It depends what your biomarkers are going be an index to. Ultimately, do you want to identify a subset of biomarkers that will signal the presence or absence of some condition? Or do you want a proxy for some difficult to measure quantity (a continuous variable)? Please tell us more. - PG

PG
Manny43
Calcite | Level 5

Thanks for your response. I need to create a physiological dysregulation index based on a set of biomarkers that include lipids, glucose levels, BMI and so on. I'd like to identify a subset of biomarkers out of the 16 variables that will signal the presence or absence of physiological dysregulation.

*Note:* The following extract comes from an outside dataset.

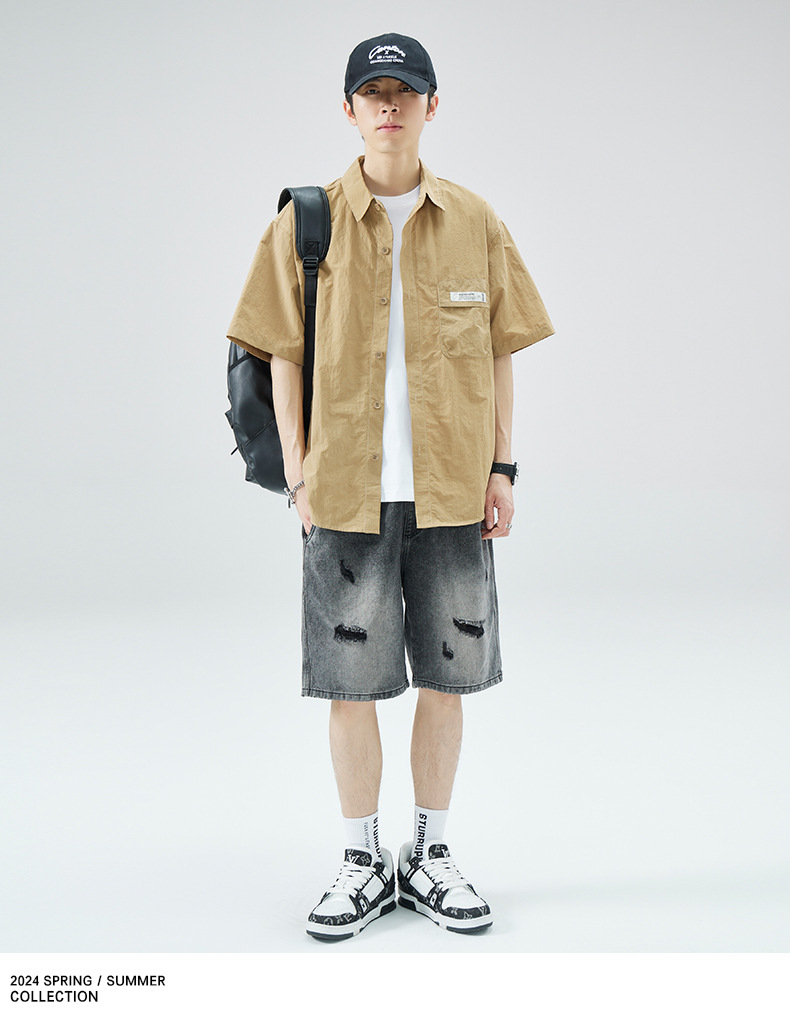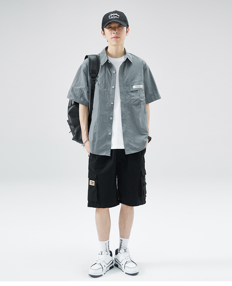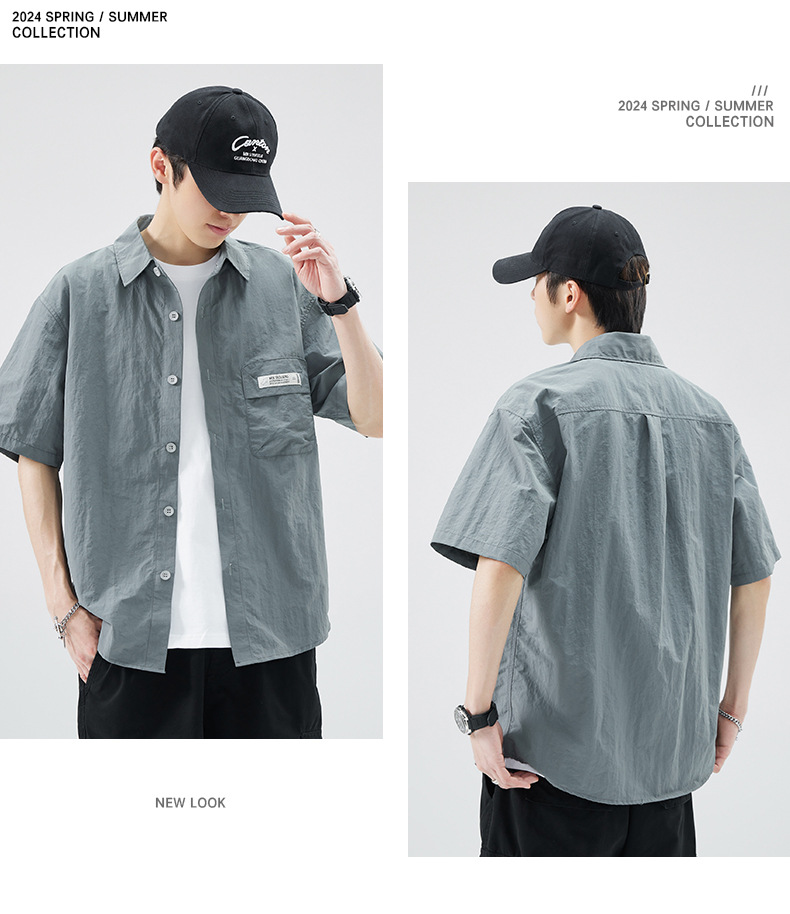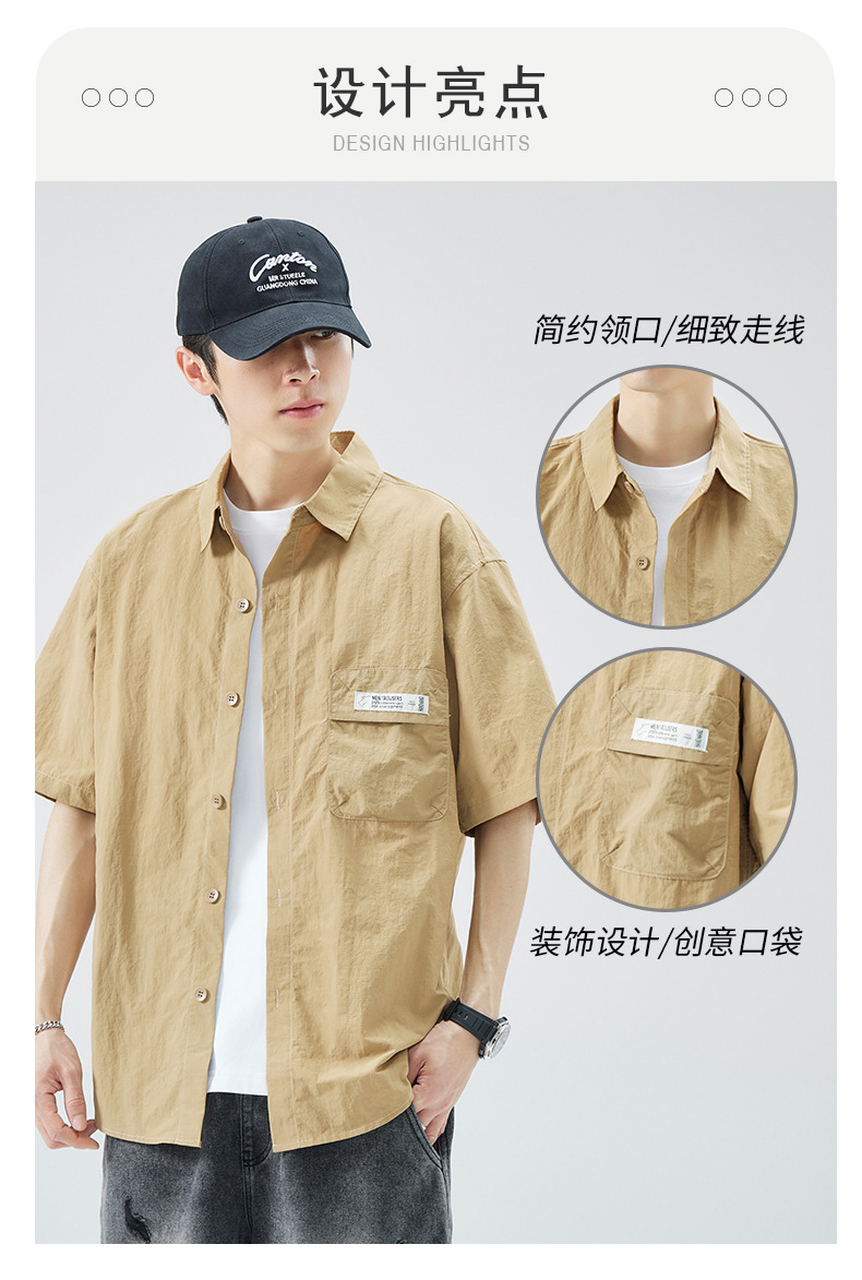 夏季衬衫男宽松透气短袖衬衣外穿男生薄款休闲上衣服 AY-D1109【AY-1109】

I hope that clarified the question.

Thanks,

M.

Reeza
Super User

I would suggest reading the literature and seeing what methods others in your field are using. I don't know enough about biomathematics but I'd consider logistic regression based on how you framed your question.  There may be other considerations however.

PGStats
Opal | Level 21

I agree with Reeza, logistic regression would certainly be a good option. Look at variable selection methods, but do not follow their advice blindly! You could also explore your data with simple partition tree analysis in JMP. It relies on fewer assumptions than logistic regression. Another option is discriminant analysis, it also offers variable selection methods (in STEPDISC, limited but nonetheless useful).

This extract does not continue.